## [Aim of the task]
Exactly the lines from the line containing "通过这些数据,研究人员构建了" through the final line of the entries below must be returned, and only those, without pictures.

(Data records)
------------------------------------------------

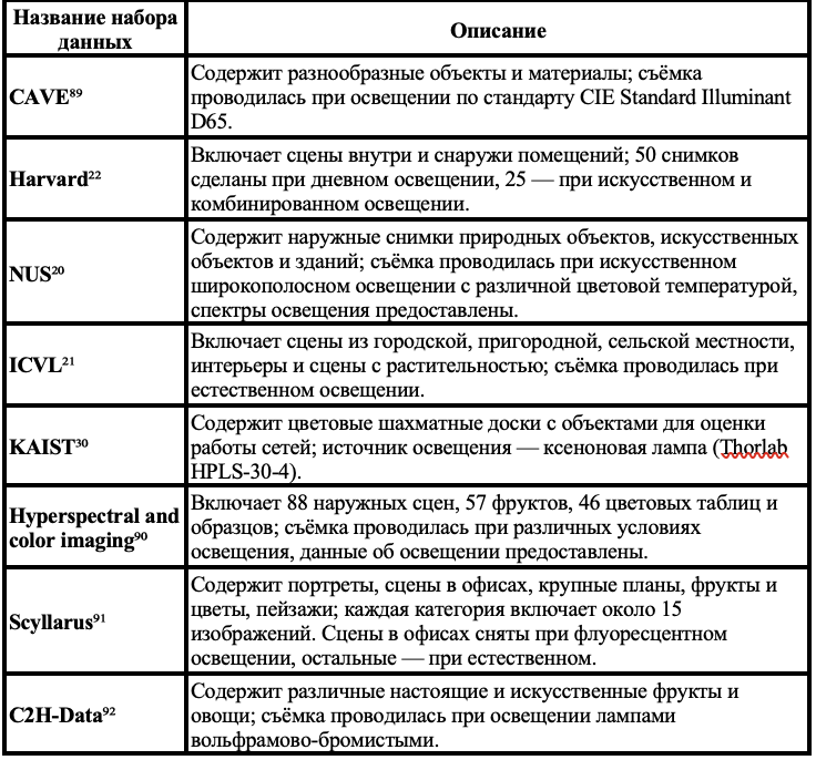 Наиболее часто для обучения и оценки в исследованиях по реконструкции спектра применяются следующие наборы данных: CAVE [89]; NUS [20]; ICVL [21];тKAIST [30].
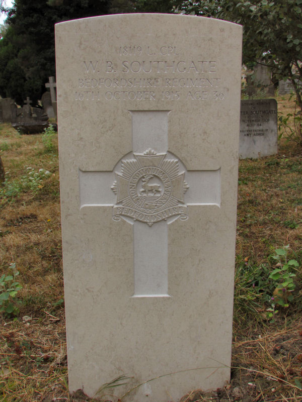Lance Corporal 18119, 2nd Bn., Bedfordshire Regiment. Died of wounds on Saturday 16th October 1915. Aged 36. Born, resident and enlisted Bedford. Son of Walter and Pheobe Southgate. Grave L. 157.
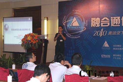 CTI論壇(ctiforum)9月10日消息(記者 楊毅):2010年9月9日奧迪堅在廣州市嘉鴻華美達廣場酒店舉辦的“下一代融合通信平臺華南研討會” 圓滿落下帷幕。本次會議以 “融合通信” 為主題,將最新的由“IPT、IPCC、UC和Mobility”四個部分組成的融合通信技術(shù)完美呈現(xiàn)在嘉賓眼前,吸引了業(yè)界眾多知名廠商和媒體,并得到了奧迪堅在各個行業(yè)的新老客戶的積極響應(yīng)和參與。通過奧迪堅的精彩主題演講、現(xiàn)場的情景秀表演和眾多案例分享等多種形式,與合作伙伴及嘉賓共同探討融合通信技術(shù)該如何發(fā)展、解讀渠道新政策、同時更加深入了解奧迪堅產(chǎn)品,提高合作伙伴在市場上的競爭力。CTI論壇(www.baowending100.com)獨家承辦此次會議,并進行全程報道。
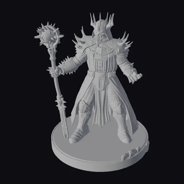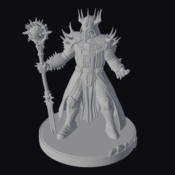 Standing atop a dark, circular base, the Dark Sorcerer of the Void commands attention with his imposing stance. His armor, a latticework of dark, metallic plates, is studded with spikes that seem to reach out like thorns. A staff, its surface a mass of jagged, glowing protrusions, pulses with dark energy in his hand. The sorcerer’s helmet, adorned with spiked protrusions, casts a shadow over his face, while his eyes burn with an unearthly green fire. A flowing cape, lined with a deep, fiery red, cascades down his back, lending an air of drama to his already formidable presence. This 3D model is perfect for use in games, animations, or 3D printing projects that require a character of dark, foreboding power.
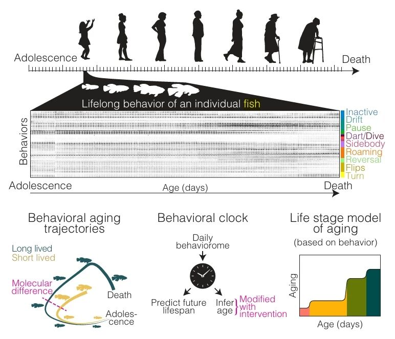 通过这些数据,研究人员构建了一个高分辨率的行为图谱。他们将鱼类的运动和休息行为分解为约100种重复出现的基本动作单元,这些动作构成了动物日常行为的基本“词汇”。在此基础上,研究人员得以系统分析行为随年龄变化的模式,并分析这些变化是否与最终寿命相关。
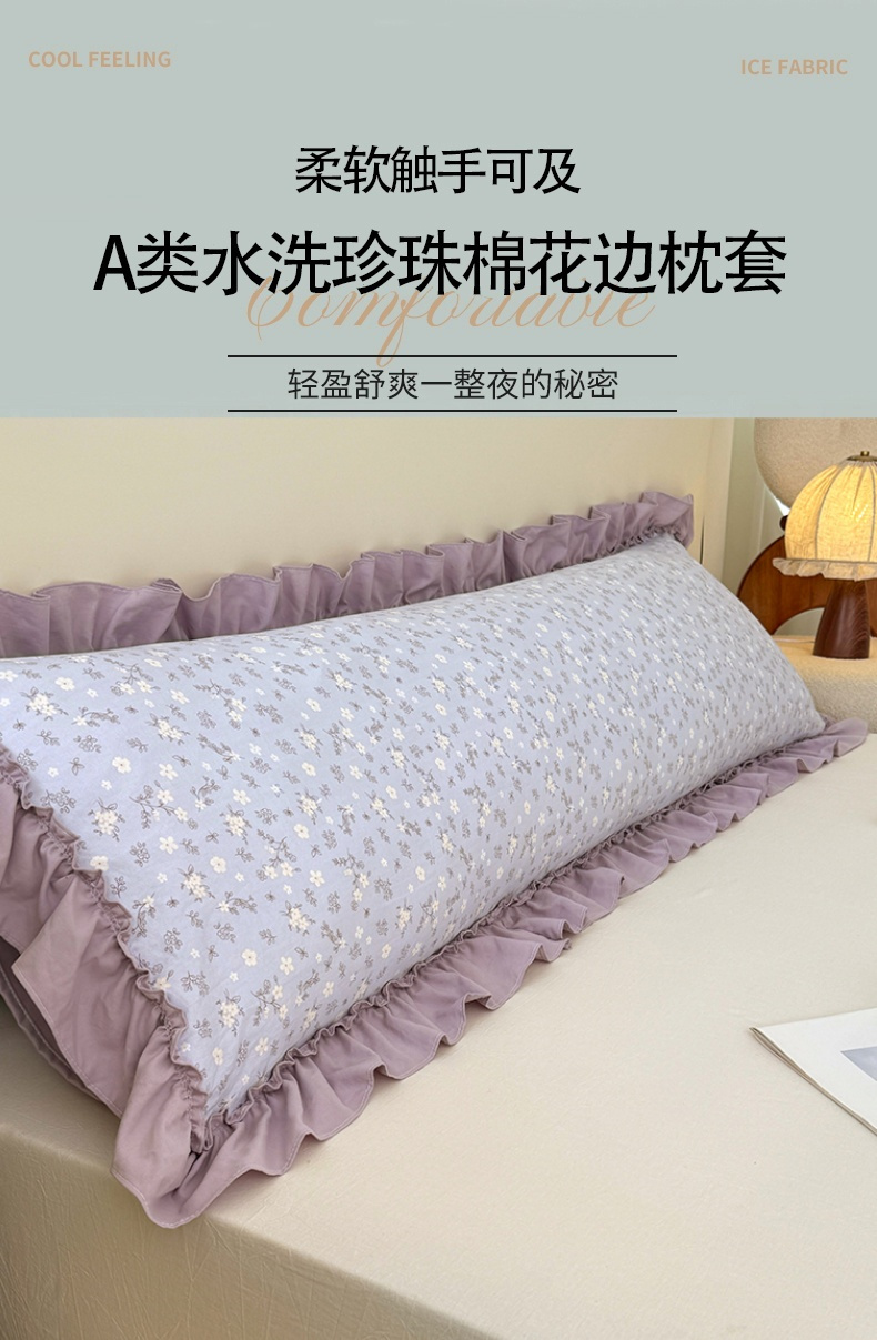 商品名称:圣比熊 2025新款水洗珍珠棉花边枕套加长双人情侣1.8米枕芯内胆套1.5m枕头套 花未眠-紫

------------------------------------------------

## [Written reply]
 通过这些数据,研究人员构建了一个高分辨率的行为图谱。他们将鱼类的运动和休息行为分解为约100种重复出现的基本动作单元,这些动作构成了动物日常行为的基本“词汇”。在此基础上,研究人员得以系统分析行为随年龄变化的模式,并分析这些变化是否与最终寿命相关。
 商品名称:圣比熊 2025新款水洗珍珠棉花边枕套加长双人情侣1.8米枕芯内胆套1.5m枕头套 花未眠-紫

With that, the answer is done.